At present I have around seven and a half chapters in draft form, and still no idea about some of the things the characters have mentioned, or how the whole story will work out. I have an inkling of what the end will be, but nothing more. 

This isn’t unusual. With The Disenchanted Wizard I only knew, from early on, that the wizard who’d escaped the map would be put back in it. Hardly a rousing climax, you might say. But by the time the book was finished, the climax took place in the middle of a football match in a stadium. The wizard had by this time caused chaos in the large crowd, and this wasn’t to change until he was dealt with. 

Equally, with The Counterfeit Queen, I always had a thought in mind that there’d be a Dragon involved in the final battle. The only problem was there was no Dragon in the book at all until year four of the writing! 

It pays to note down these wisps of ideas, even if you can’t work out in advance how that wisp is going to come to fruition.

I know most writing books say you can’t set out until you know how the book is going to end. If that was the case I’d have written nothing. All I knew about the current book was that there were three lead boxes involved somewhere. At first I thought they contained three corpses, including the supposed corpse of one of the main characters. That changed in a moment when the boxes turned out to be much smaller than I’d originally envisaged, and when opened, had something altogether different inside.

I don’t regard myself as a ‘pantser’ in the complete sense. Pantsers, to me, sit down and write the first draft without much thought as to how it will all pan out. Then they basically start all over.

In my case, however, I find that by writing a few chapters, then going back and making notes on them, picking up clues as to what might move the story forward, placing characters in situations that only occur to me as I write, discovering the significance of those places and more is what gives me – very slowly – a story. 

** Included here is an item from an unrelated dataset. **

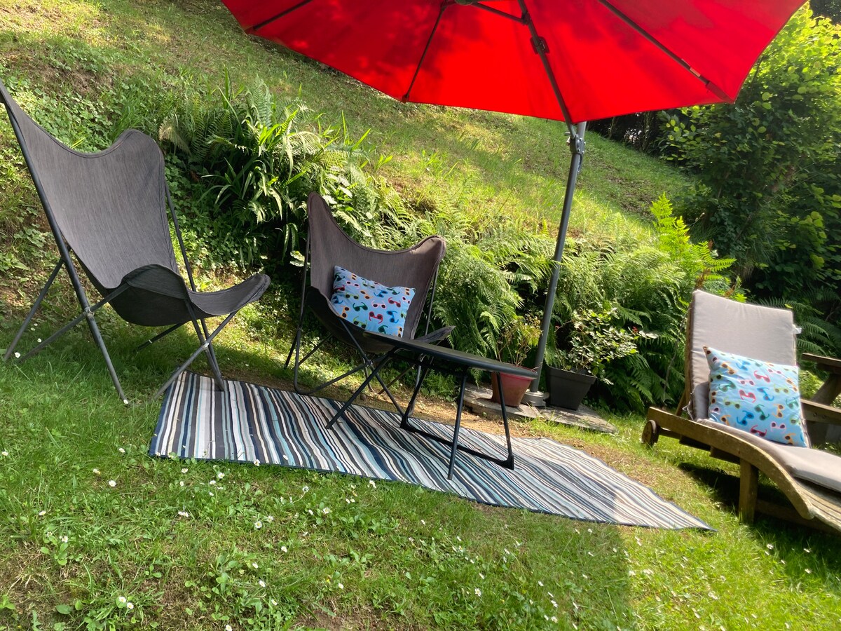 Located in the garden of my home, you access through the garden to this pretty house, 19 m2, in a green setting, with a private furnished terrace, sunny and in complete privacy. It's just one room, it's small, cozy, comfortable and functional, everything is there! Murphy bed, bathroom with walk-in shower and toilet. Reversible air conditioning. Rolling shutters on all windows. In the fridge and cupboards you will find breakfast and basic products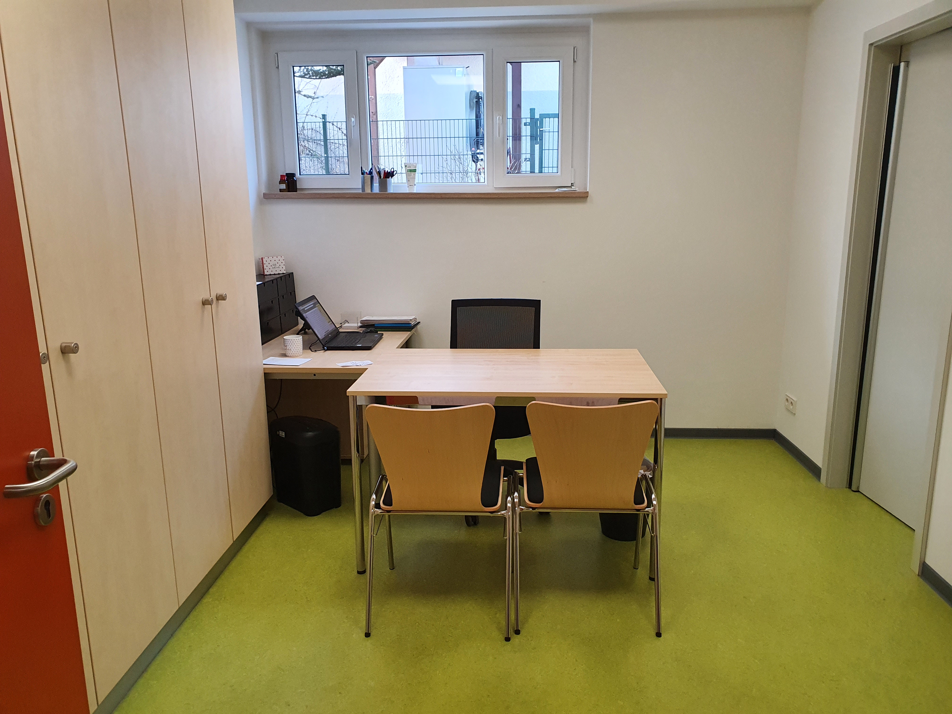 Im Büro der Einrichtungsleitung finden Anmeldegespräche und die organisatorische Arbeit statt.

After a few chapters I can see one or two things clicking into place. Rewriting the chapters in the light of that helps me get a better picture of where we’re going. But dropping ideas into the draft that I haven’t given any thought to also propels the story forward. I have to take a step back and ask what these things mean, whether they’re truly of use, whether some other version of them will be more accurate and so on.

So, for me, writing a chapter or three gives me an impetus to keep going. Chewing over the things in those chapters gives me further ideas and connections. Carrying forward into the unknown again opens up new possibilities. Avoiding doing things I’ve done before also helps. 

What’s your approach to getting up and running?